Last night, -- No, it should be the early morning of this day. -- it is doomed to be an insimple moment. After I joined the company, I was involved in the first project release, and I was doing data correction. operations involving user data were always very sensitive and important. Therefore, the psychology is quite tense. It turns out that the real environment is more practical. Although I checked it several times in advance, there was still a problem during actual execution.
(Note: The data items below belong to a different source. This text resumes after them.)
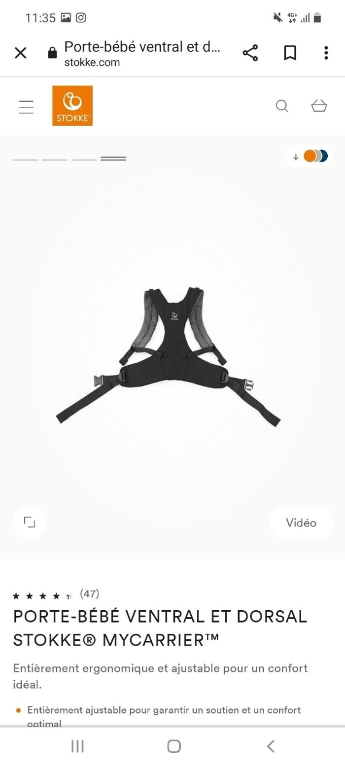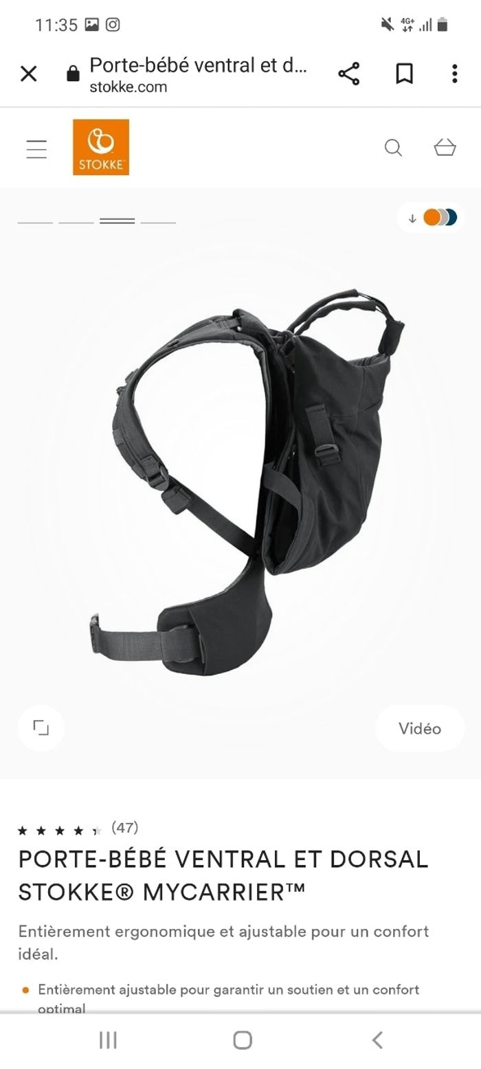 Porte bebe stokke de couleur noir , comme neuf juste servis 2fois . Jamais en porte bebe dans le dos car j'ai aussi un porte bebe pour la randonnée ! Identique à la photo . Hyper confortable (autant pour les parents que pour l'enfant) et aussi très pratique. A partir de 1 mois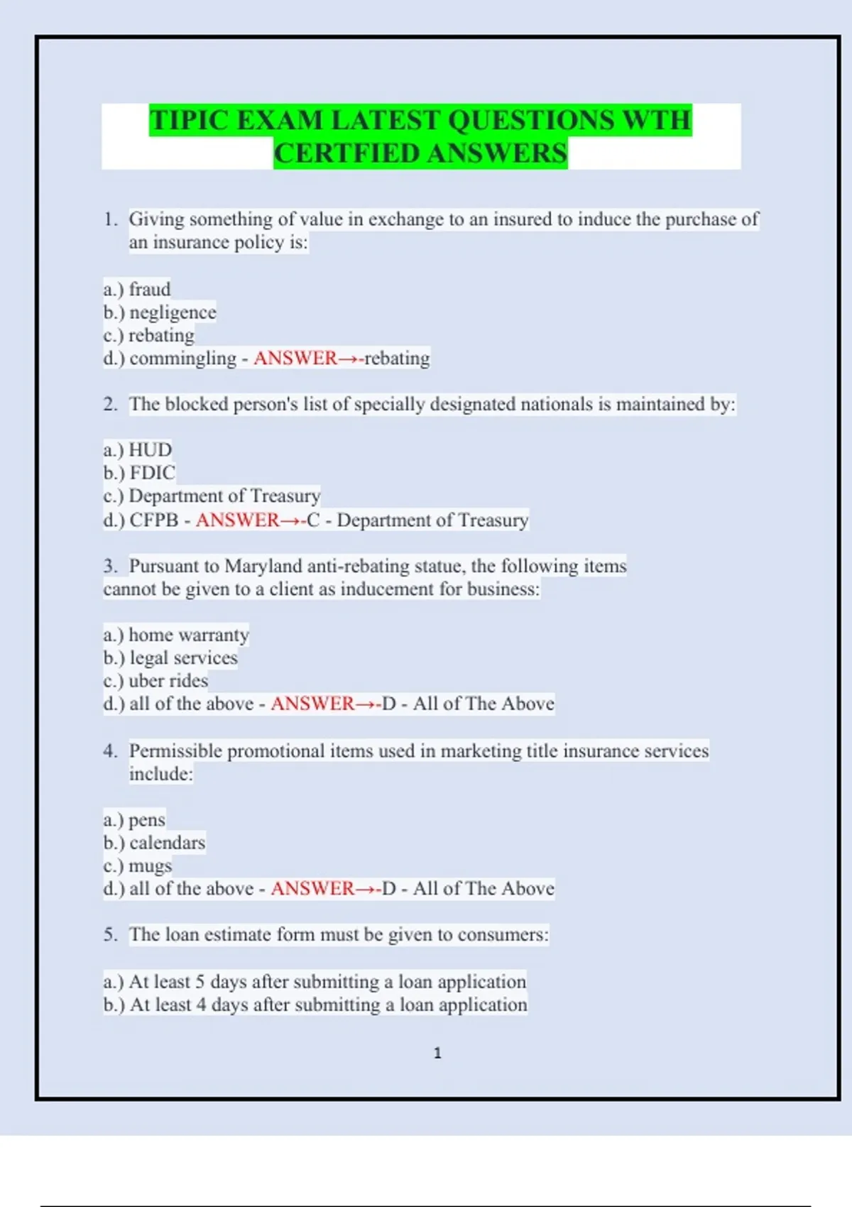 A comprehensive study guide for the Maryland Title Insurance Producer (TIPIC) exam, featuring the latest questions with certified answers. This PDF covers key topics including RESPA regulations, Maryland insurance law, rebating, escrow accounts, licensing requirements, and ethical practices for title professionals.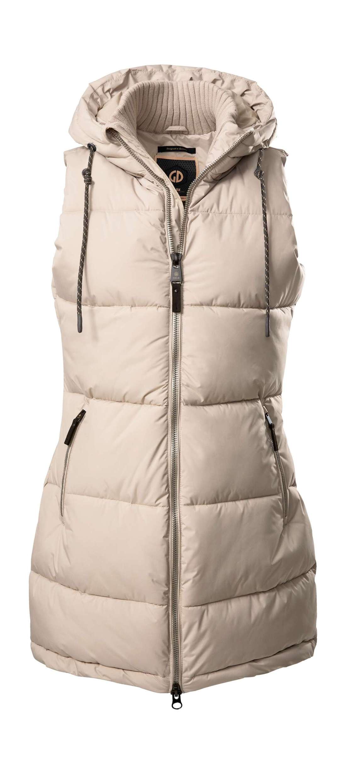 Mit der langen Funktionsweste in Daunenoptik von G.I.G.A. DX liegt man voll im Trend. Die Steppweste ist wasserabweisend, winddicht und gleichzeitig atmungsaktiv. Die Kapuze und der bequeme Strickkragen schützen zusätzlich vor Kälte und Wind. Die Weite vom Saum kann anhand eines Kordelzuges reguliert werden. Zwei Reißverschlusstaschen und eine Innentasche bieten Stauraum für Handy, Schlüssel und Co. Der 2-Wege-Reißverschluss ist mit einem praktischen Kinnschutz versehen, der ein Einklemmen der Haut verhindert. killtec liegt es besonders am Herzen, die Kollektionen nachhaltiger und zukunftsfähiger zu machen. So setzt killtec verstärkt auf verantwortungsbewusstere Herstellungsverfahren. Diese Weste wurde daher mit fluorfreien Mitteln imprägniert und teilweise aus recyceltem Material hergestellt.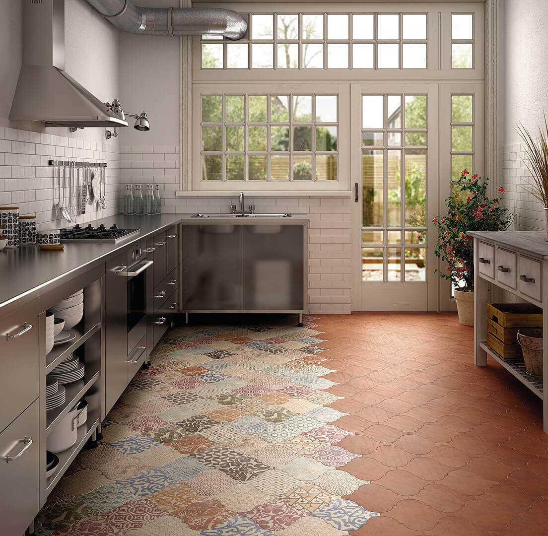Spanish tile is perfect as a kitchen apron, giving a special charm to the whole room. However, for this case, you need to choose a lined tile with a special coating, since it is necessary to take into account temperature drops and large evaporation. And the housewives often use different chemicals to clean the tiles in the kitchen, so choose ceramic packaging with a special sign A.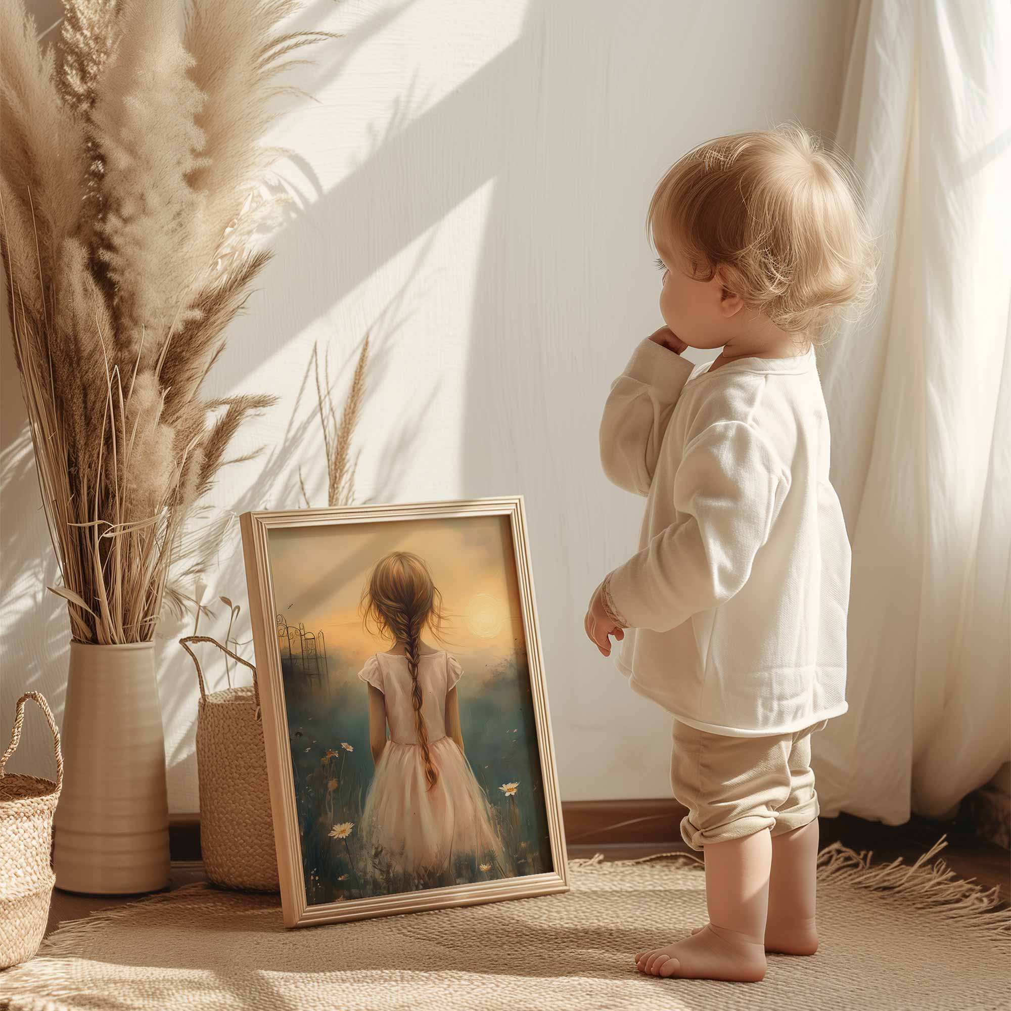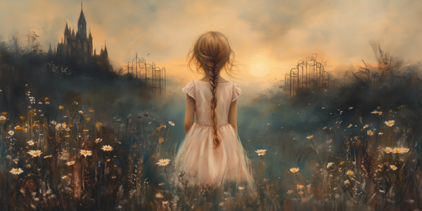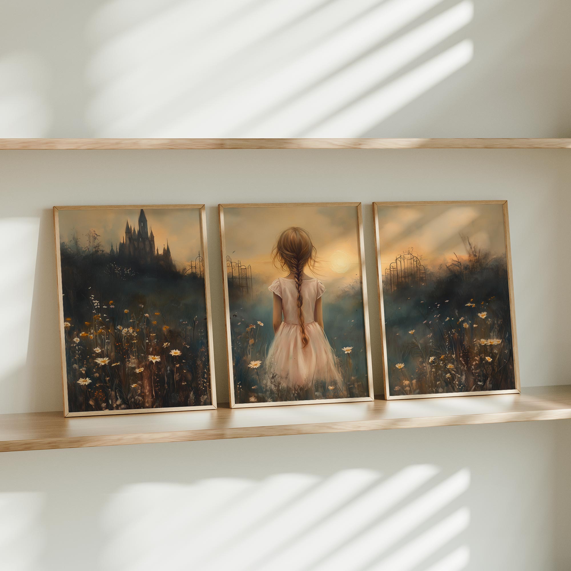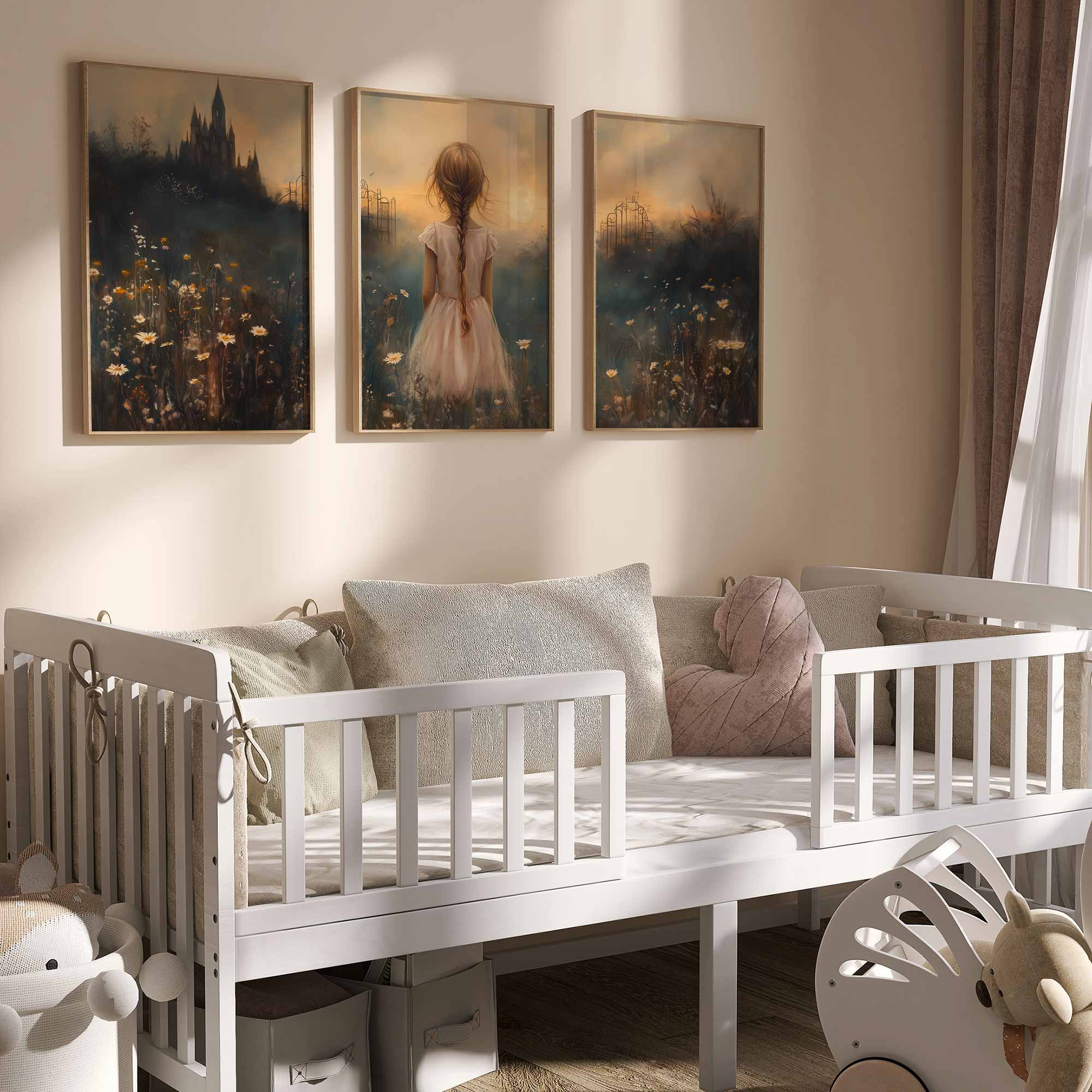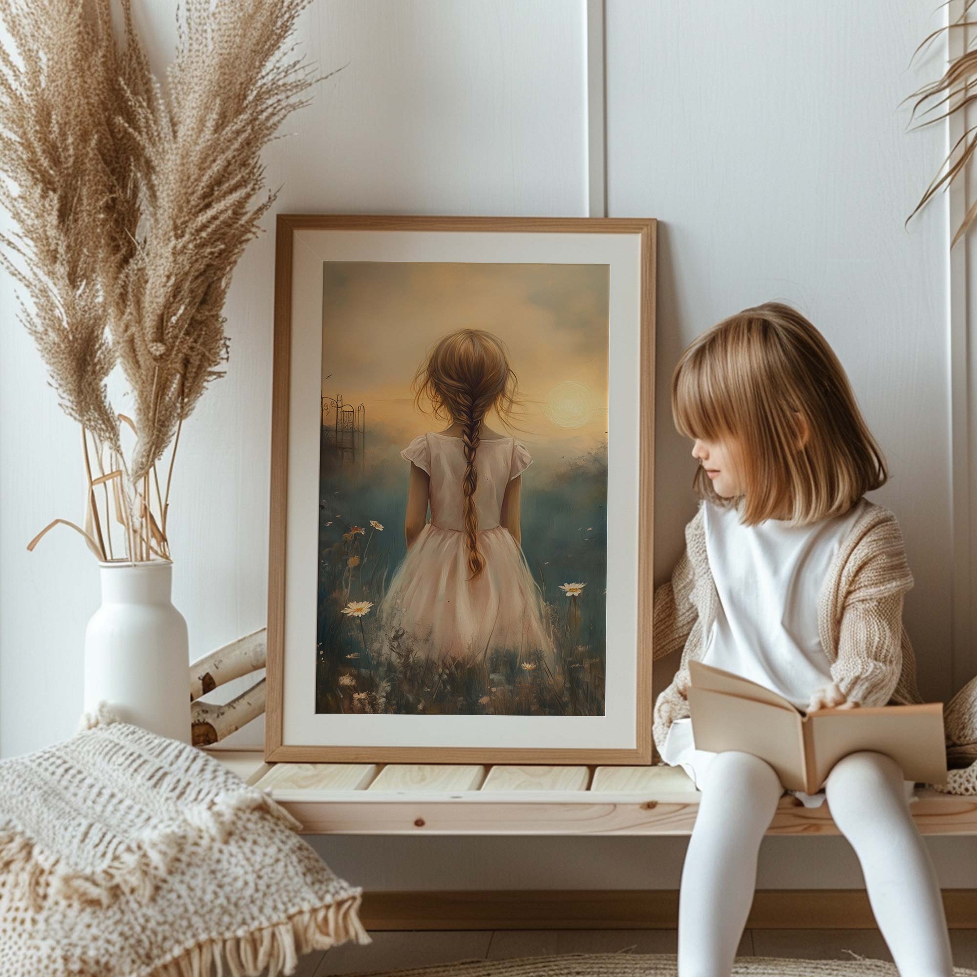 Terug naar collectie Posters Magisch Meisje in Dromerig Bloemenveld met Kasteel

This is the case: I have written several. py scripts to operate the database. I need to update resource records of more than 10000 users. each user's resource record involves several tables of several databases. During the specific execution, it is found that the resource update for each user is relatively slow-but in fact, it is time-consuming to see which operation can not be found. As a result, everyone immediately gathers to view the log records (so it shows how important the logs are, especially database operations ), it is found that a resource update statement takes 5 S for each user, while the total cost of other resource update statements is about 1 s for each user. After simply estimating the time, we find that the time is not enough.
I was very depressed when I stood there. After all, I got stuck in my own shell, but I didn't expect an error in a seemingly inconspicuous place. -- this is another lesson: important Errors often appear in inconspicuous places.
The cause of the problem is simple: An Update statement for a subquery is used in a table of 0.1 million orders of magnitude. It takes 5 s to execute each update statement, and nearly 10000 update statements exist, what year and month do you have to update! As a result, the "Emergency Response Team" was immediately set up, and after the budget time, they even planned to give up the release plan. However, the solution was finally found:
1. Separate the time-consuming update statement and generate an SQL statement for execution. For the remaining parts, each user needs 1 s, which takes about 2 hours. This is not enough. Since each user's Resource Record Update is almost independent from each other, the boss suggested using a concurrent solution to divide more than 10000 users into 10 segments, multiple shell processes using the same script are corrected separately. This will take about a few minutes.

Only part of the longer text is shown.